How can we handle this? Certainly, we can use the same approach as we did in
the RPC case above. We can have the child threads create trace scopes which
use our parent ID object. SpanId objects are immtuable and easy to share
between threads.
try (TraceScope bigScope = tracer.newScope("bigComputation")) {
SpanId bigScopeId = bigScope.getCurrentSpanId();
Thread t1 = new Thread(new Runnable() {
@Override
public void run() {
TraceScope scope = (bigScopeId.isValid()) ?
tracer.newScope("bigComputationWorker", bigScopeId) :
tracer.newNullScope();
try {
doWorkerStuff();
} finally {
scope.close();
}
}
}, "myWorker");
t1.start();
t1.join();
}
Note that in this case, the two threads are not sharing trace scopes. Instead,
we are setting up a new trace scope, which may have its own span, which has the
outer scope as a parent. Note that HTrace will be well-behaved even if the
outer scope may be closed before the inner one. The SpanId object of a
TraceScope continues to be valid even after a scope is closed. It`s just a
number, essentially-- and that number will not be reused by any other scope.
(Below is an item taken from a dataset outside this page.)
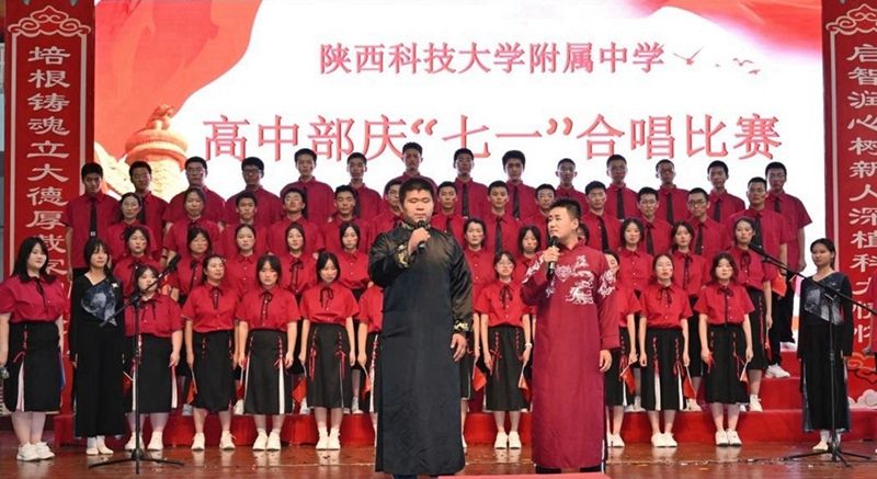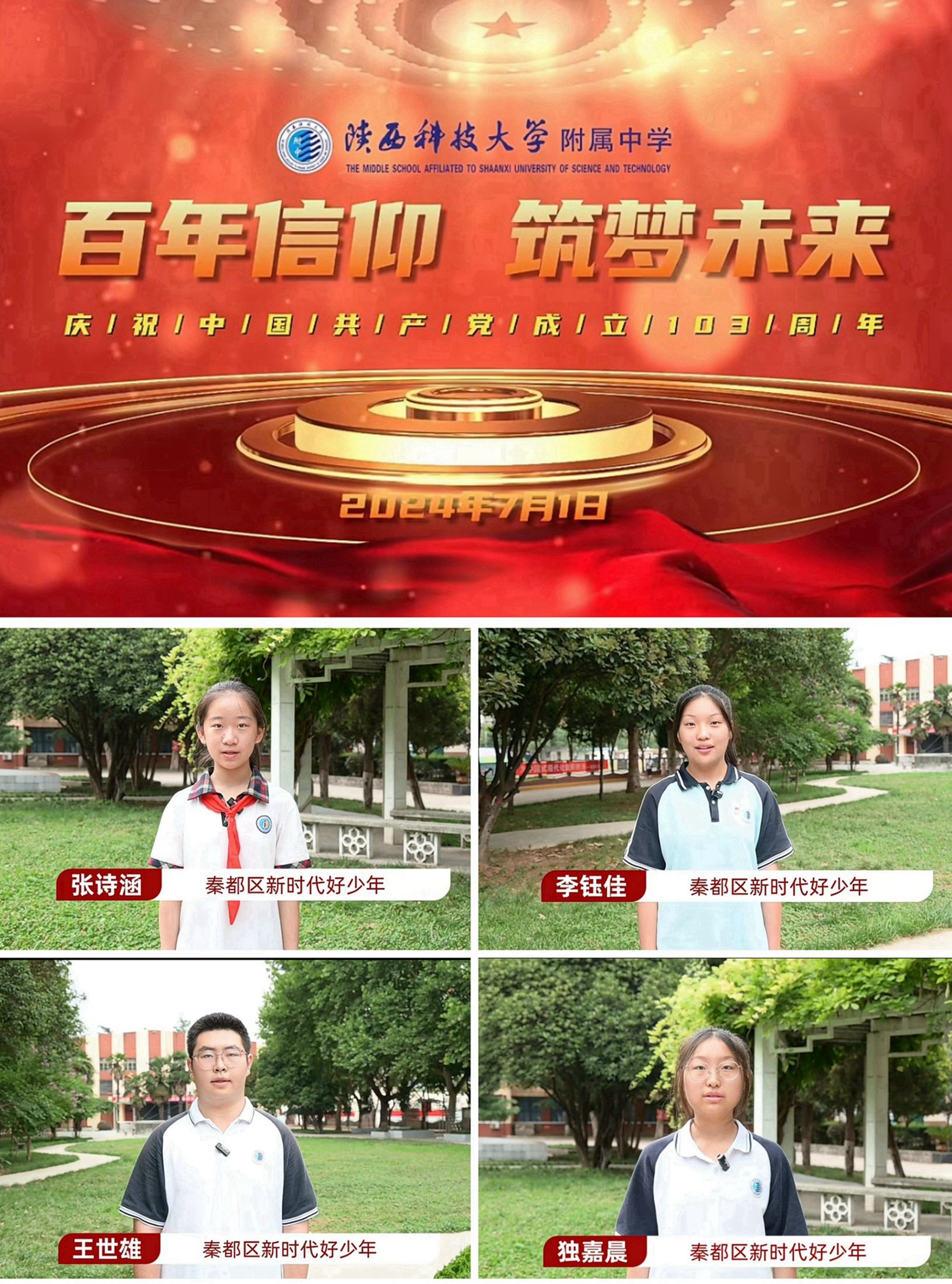 为弘扬伟大建党精神,传承红色基因,持续推动“强党建、带队建、促团建”走深走深。7 月 1 日的升国旗仪式上,附中团委书记孙浩以《传承精神心向党 勇担使命梦启航》为题,面向全体学生作了国旗下讲话;组织开展“传承红歌颂党恩,不忘初心跟党走”合唱比赛,唱响感党恩、跟党走的青春主旋律;以“百年信仰,筑梦未来”为主题,组织荣获秦都区“新时代好少年”学生代表开展主题朗诵活动,为党献上最诚挚的祝福。

Why do we make the worker Thread call newNullScope in the case where the outer
scope`s span id is invalid? Well, we don`t want to ever create the inner span
if the outer one does not exist. Calling newNullScope ensures that we get a
scope with no span, no matter what samplers are configured.
What if we don`t want to create more than one span here? In that case, we need
to have some way of detaching the TraceScope from the parent thread, and
re-attaching it to the worker thread. Luckily, HTrace has an API for that.
final TraceScope bigScope = tracer.newScope("bigComputation");
bigScope.detach();
Thread t1 = new Thread(new Runnable() {
@Override
public void run() {
bigScope.reattach();
try {
doWorkerStuff();
} finally {
bigScope.close();
}
}
}, "myWorker");
t1.start();
t1.join();
Note that in this case, we don`t need to close the TraceScope in the containing
thread. It has already been closed by the worker thread.